There could be nothing further from human brain function in learning than what we have now: dense networks, unpacked in batches on massive matrix multiplication units that are then fed into a separate, albeit lower-power capable inference phase. While neuroscience is often the touted inspiration for almost all we’ve heard from the AI chip startups and established accelerator vendors over the years, the hardware doesn’t meet the theory in the middle.
Emphasizing sparsity, both in terms of devices and frameworks, has been another area where there has been plenty of lip service but ultimately, especially for accelerators that want to do both training, inference, and general compute workloads cannot be fit into the sparsity mold—for good reasons. But if the training and inference steps are no longer separate, if learning is continuous and doesn’t need to conform to the batch-driven notion of “forgetting” what it’s learned to move on to something new, a truly new paradigm opens for machine learning.
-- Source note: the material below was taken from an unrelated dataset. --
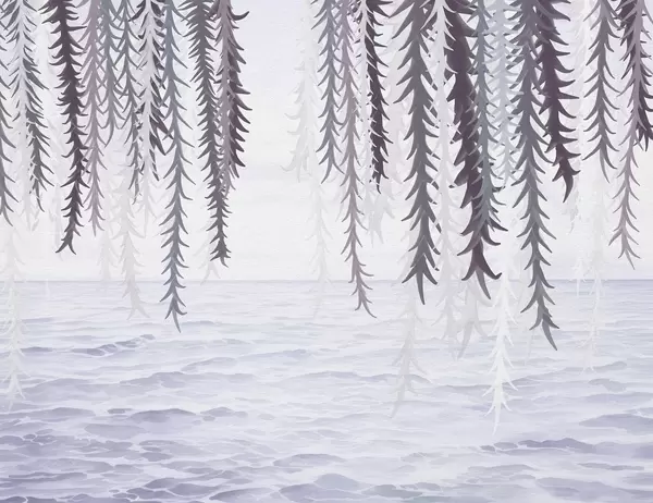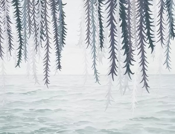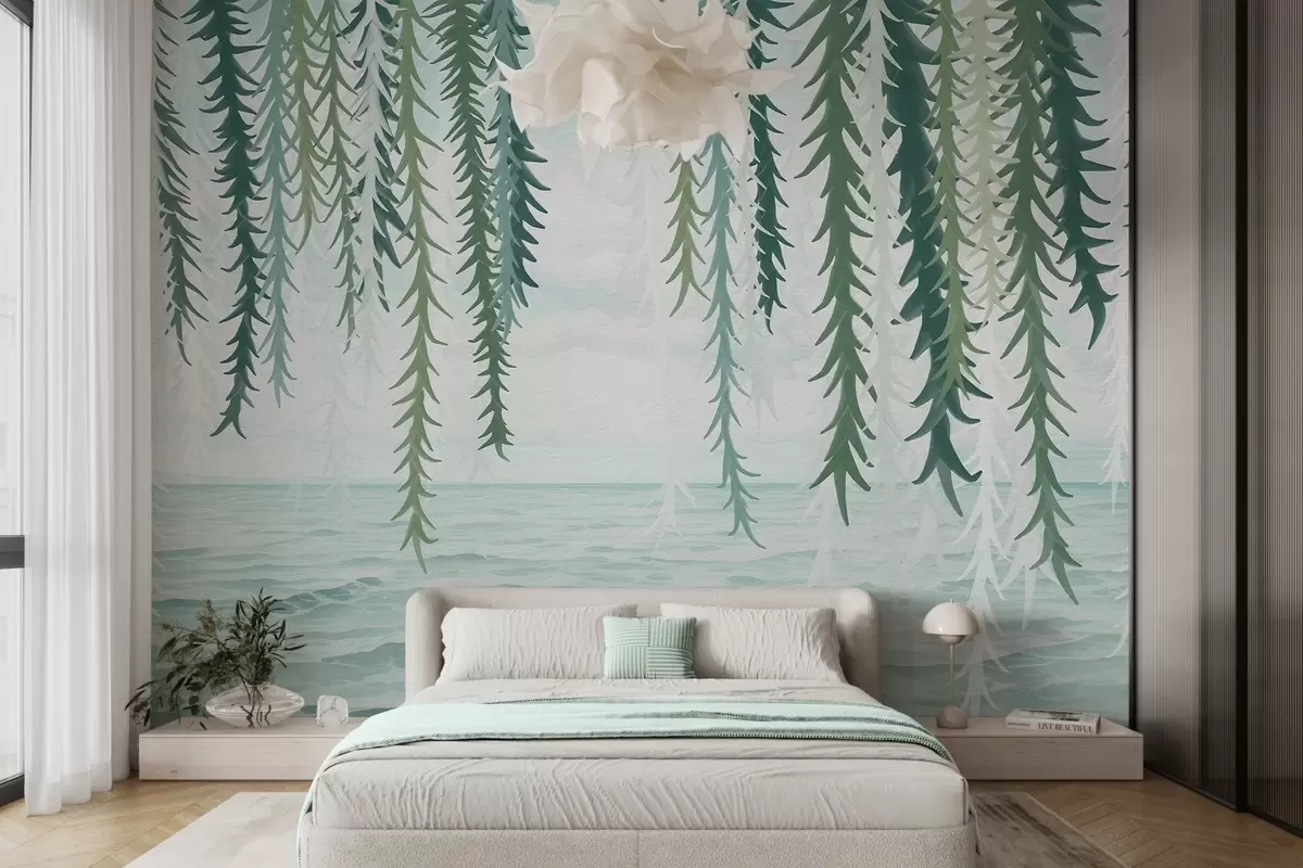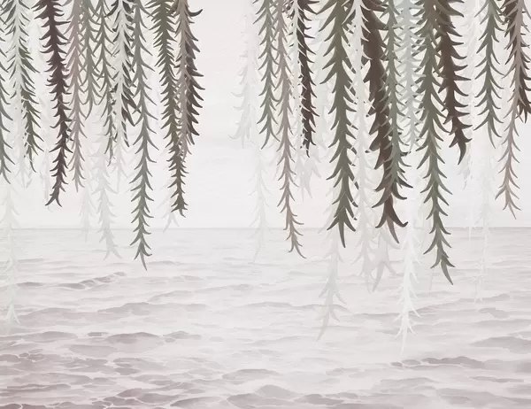 Fotomurales Delicadas enredaderas colgando sobre el agua, estilo acuarela Nr. w04830

The interesting part is that the elements to have super-sparse networks, with ultra-sparse weights and activations are all there. What’s missing is the hardware that can exploit huge sparsity but even that isn’t so out of reach. Optimized circuitry is more within reach than bringing custom silicon to market and so far has shown some rather dramatic improvements over existing high-test GPUs or off-the-shelf, unoptimized FPGAs.
The trick to ultra-efficient devices that actually deliver on the brain-like computing promise is not just about codesign with sparsity in mind. It’s about how this allows for continuous learning, thus removing the distinct training and inference phases and all their custom hardware and tooling.
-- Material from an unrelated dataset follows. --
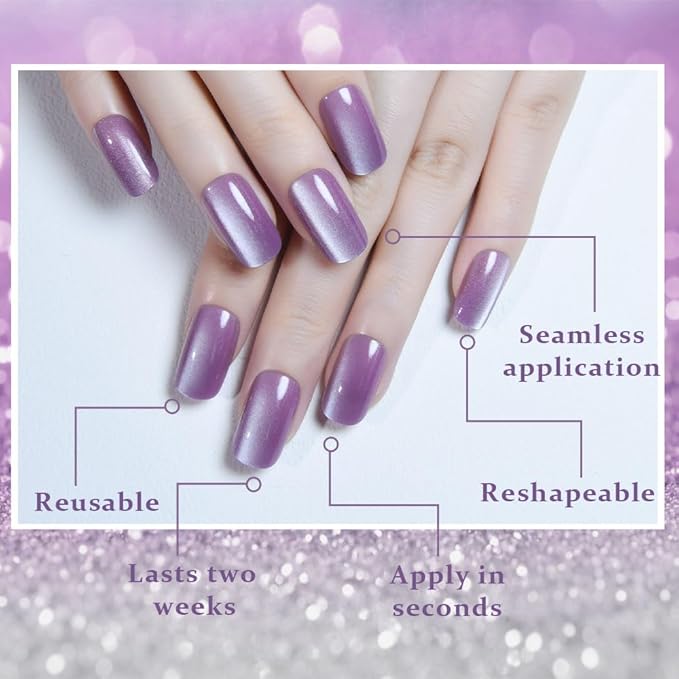 - ✨ Salon-Quality Cat Eye Effect——Achieve a mesmerizing cat eye effect with these press-on nails, featuring a glossy black chrome finish that catches the light beautifully

Sparsity is a core component of continuous learning because when you have sparse representations at the core it’s possible to keep learning without new input inferring with what’s come before—learning without forgetting, just as the brain does. However, traditional AI/ML frameworks are optimized for distinct, batched training then inference phases. “Sparsity is just the start of it, says Subutai Ahmad, VP of Research and Engineering, Numenta, a research company that is testing the sparsity/codesign problem. “There are a number of other components to the future of continuous learning over time like how neurons process sparse information, then how they interact with cortical columns—the common cortical algorithm that uses sparse representations but builds true sensory models of the world.”
“A major challenge faced by these networks is an inability to learn continuously. As new data arrives, a large model needs to be retrained in batch mode in order to update it, using huge additional resources. Our brains adapt continuously with each new data point. Moreover, today’s machine learning models require supervised learning with labeled data while your brain is able to rapidly classify similar objects without labeling. The Thousand Brains Theory neuron model describes how a brain is continuously updated and how it learns without supervision. In the future we can apply these techniques to machine learning in order to enable continuous learning and unsupervised learning.”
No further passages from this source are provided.